Первое тело оказалось обезглавленным. Голова нашлась сразу же, хотя и по частям. Вспомнился старый анекдот: «Разрывная, – подумал Штирлиц, раскинув мозгами в радиусе трех метров». Тут, правда, радиус был чуть побольше, да немного на кусты попало. Мих позеленел, да и меня самого, честно скажу, чуть не стошнило. Судя по всему, «Штирлиц» был одним из пленников, видимо, пытался сбежать.

Второе тело, что лежало в костре и посему успело практически наполовину сгореть, судя по останкам одежды и обуви, принадлежало одному из «качков». Как этот человек погиб было не ясно, одно скажу точно, его смерть была жуткой. И не спрашивайте, почему.
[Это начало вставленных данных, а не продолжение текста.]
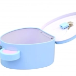 Pokladnička je vyrobená z plastu a kovu, čo zaisťuje jej odolnosť a dlhú životnosť. Je dostupná v troch farebných variantoch, čo ju činí vhodnou pre každého malého pokladníka.
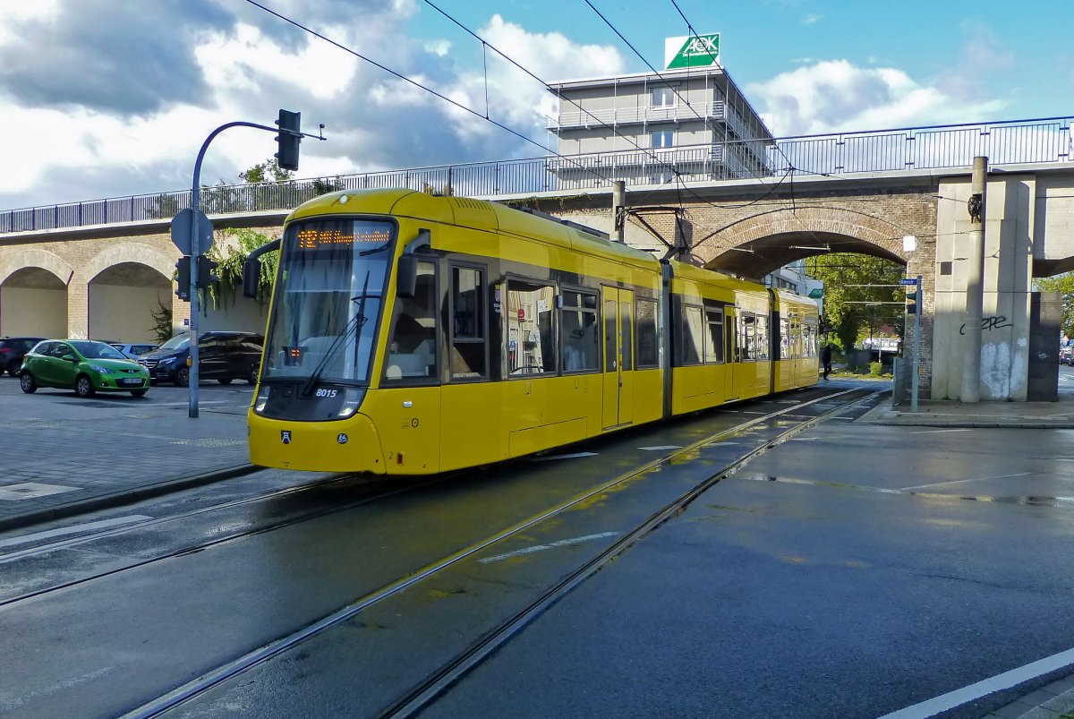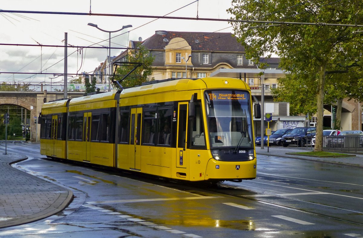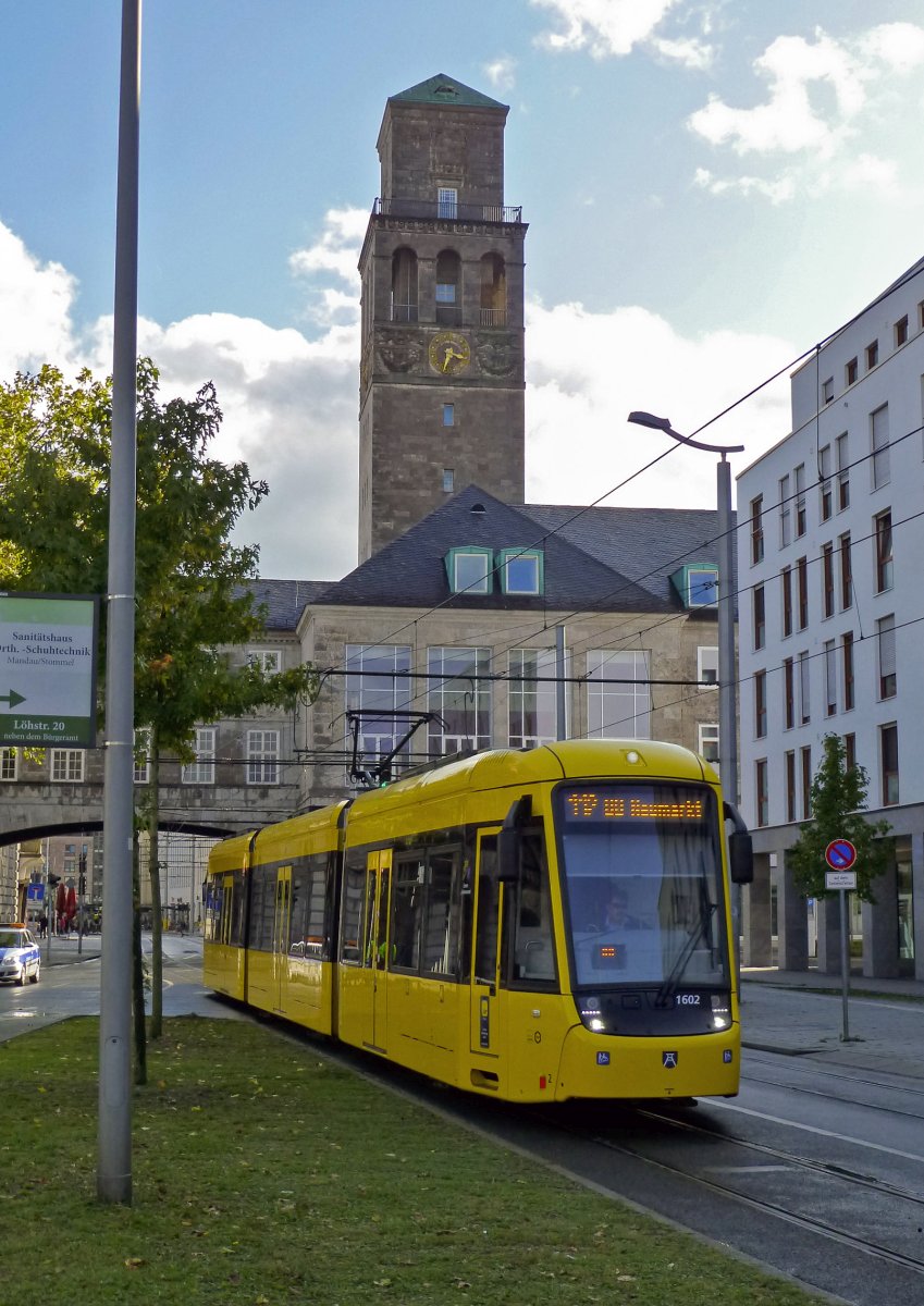 An der zentralen Umsteigestation Stadtmitte treffen sich die zwei Generationen Mülheimer Niederflurstraßenbahnen. Links ein MGT6D aus den 1990er-Jahren im grünen Farbschema der Oberhausener STOAG und rechts ein Bombardier Flexity, der den aktuellsten Stand des schienengebundenen Nahverkehrs im Ruhrgebiet darstellt.
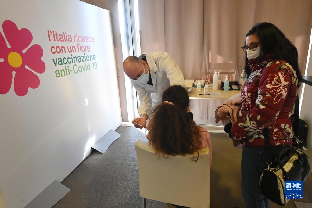 1月16日,一名兒童在意大利博洛尼亞一處新冠疫苗接種中心接種新冠疫苗。
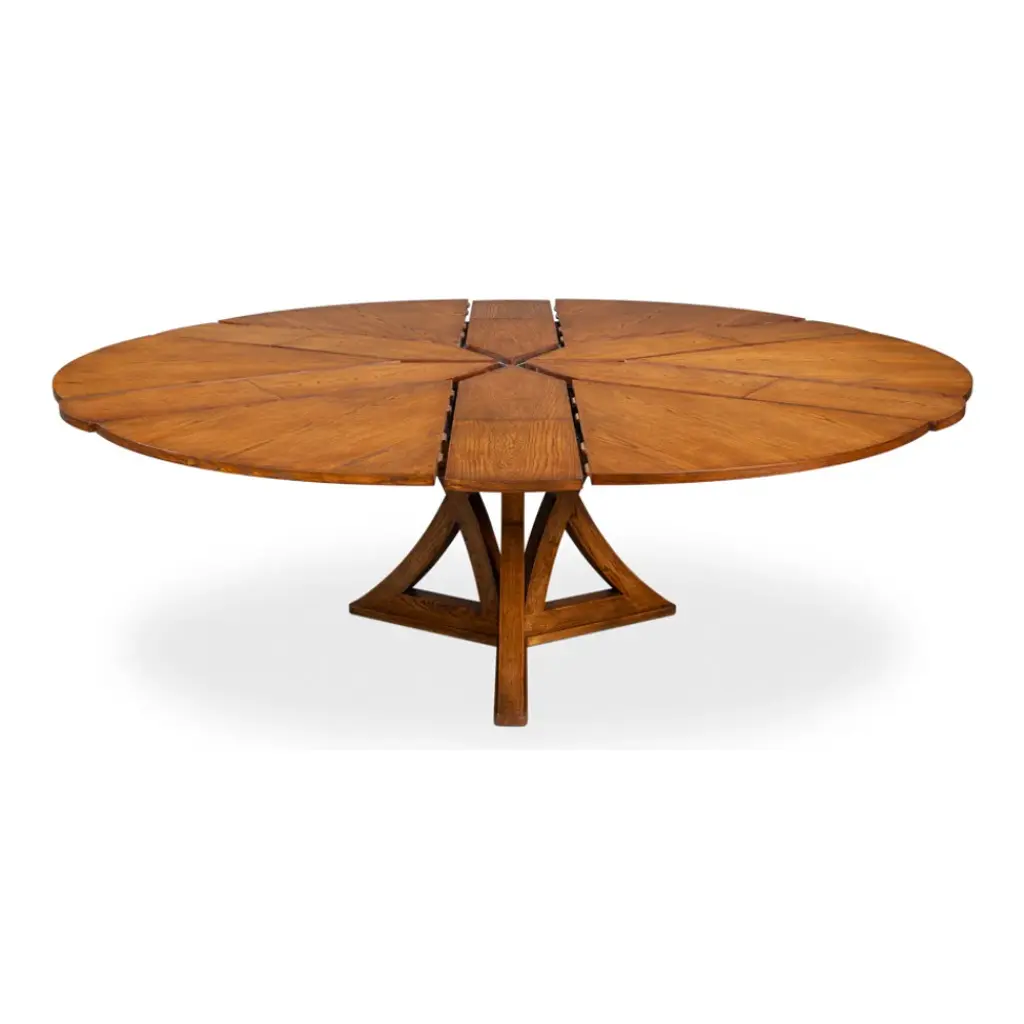 Elevate your dining experience with the solid wood round dining table by Sarreid Ltd. Furniture, a timeless centerpiece designed to grow with your gatherings. Our new and improved Jupe table is made with updated materials that add strength + durability, yet offer ease of expansion. Crafted from solid walnut and Paldao veneers, this exquisite Jupe dining table combines expert craftsmanship with modern engineering, offering both style and function in one beautifully constructed piece. Inspired by 19th-century innovation and reimagined for contemporary homes, this Jupe expanding round table features Sarreid's newly reengineered, self-storing expansion mechanism made from durable extruded aluminum. This smooth, effortless system allows you to expand the table from 55" to 71" in diameter, seamlessly accommodating up to 8 guests. When open, the Casual Jupe Table’s undulated edge adds visual intrigue and organic elegance. Whether you're hosting a formal dinner or a casual brunch, the versatile solid wood round Jupe dining room table adapts with ease. The dark walnut finish and sleek geometric pedestal base offer a sophisticated yet transitional style that complements a range of interiors, from classic to modern.

Третье тело нашлось лишь наполовину: ног и внутренностей не было, лицо обглодано, от рук остались лишь кости.

Берцы обычно не скользят – грязь, песок или, например, мусор – все это, как и многое другое им не помеха, но вот человеческое мясо… Четвертое тело я нашел случайно, когда, поскользнувшись на куске плоти, чудом ухватился за дерево. Остатки моего ужина тут же смешались с тем, во что превратился бедняга.

— Очень странно, – немного отдышавшись, сказал я.

Мих вопросительно глянул в мою сторону: «Пятого тела нигде нет. Надо валить отсюда…» Я молча с ним согласился.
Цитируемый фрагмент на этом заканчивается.